Fearful Avoidants experience a mix of anxious and avoidant behaviors, feeling torn between wanting intimacy and fearing it. They may be unpredictable in relationships, at times seeking closeness and at other times pushing people away. This attachment style is often rooted in traumatic childhood experiences, such as neglect, abuse, or growing up in an unstable environment.

​

  • Key behaviors: They might feel trapped in relationships, struggle with emotional regulation, and fear abandonment or betrayal, leading to unstable emotional responses.

​

  • How to heal: Fearful Avoidants benefit from addressing past traumas, learning to regulate their emotions, and gradually allowing themselves to trust and form secure connections.

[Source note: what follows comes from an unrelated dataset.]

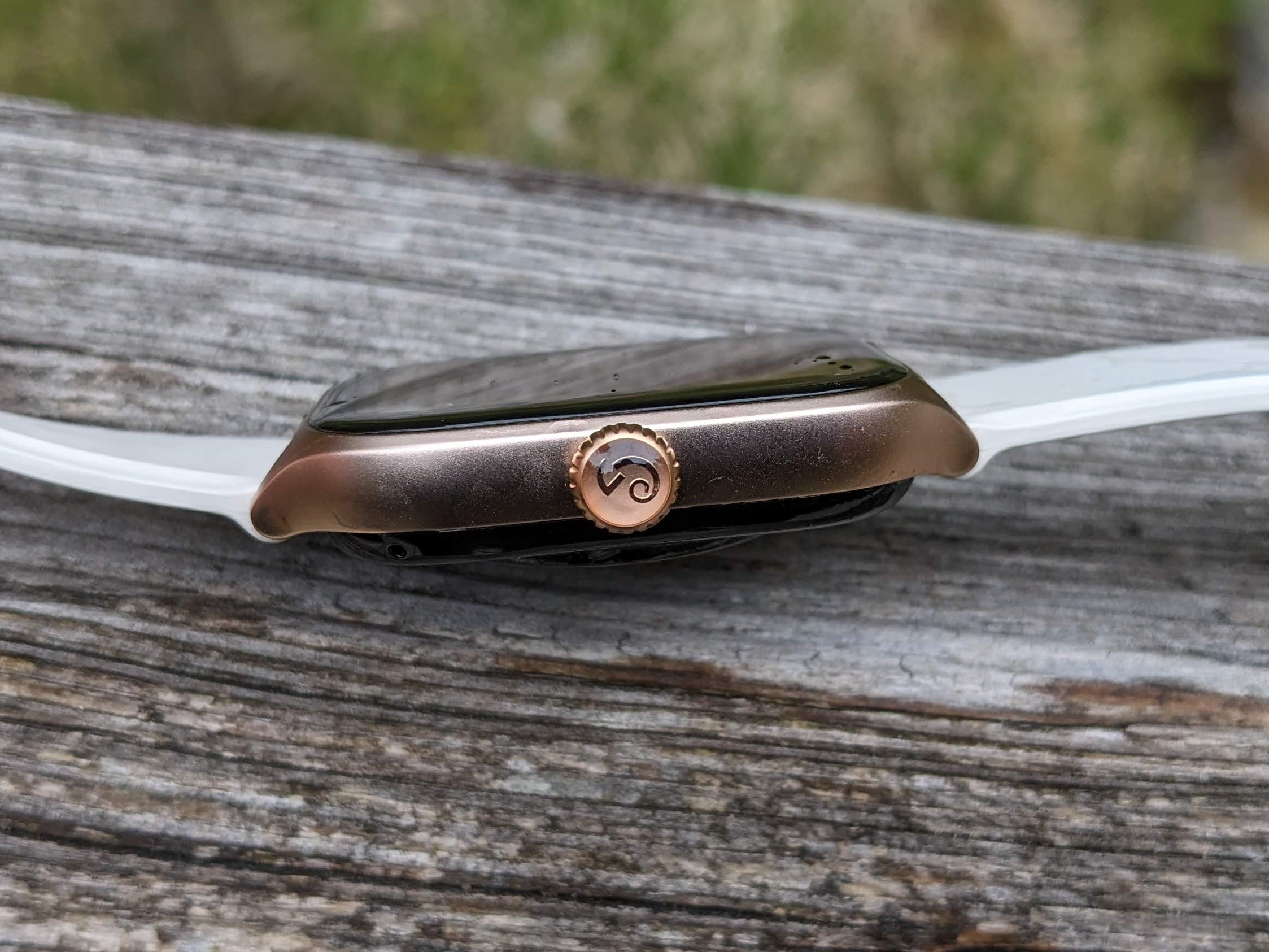 Además de la corona, la caja no tiene otros botones. Sin embargo, hay un micrófono a la izquierda y a la derecha del dispositivo. En el lado izquierdo también hay un altavoz. El reloj tiene un tacto de primera calidad y está bien fabricado. Durante las pruebas no se encontraron arañazos ni desgaste.

Healing is a journey that involves working through deep-seated fears and building emotional resilience.

Securely Attached

Securely attached individuals grew up in environments where they experienced consistent emotional support, stability, and open communication. As adults, they are confident, self-aware, and able to engage in healthy, vulnerable relationships. They value trust and emotional safety and feel comfortable handling conflict in a constructive way.

​

  • Key behaviors: They maintain a healthy sense of self-worth, can regulate their emotions, and communicate openly. They’re able to balance independence with intimacy and see challenges in relationships as opportunities for growth.

​

  • How to maintain: Securely attached individuals continue to practice open communication, self-awareness, and healthy boundaries, ensuring they remain emotionally resilient in all their relationships.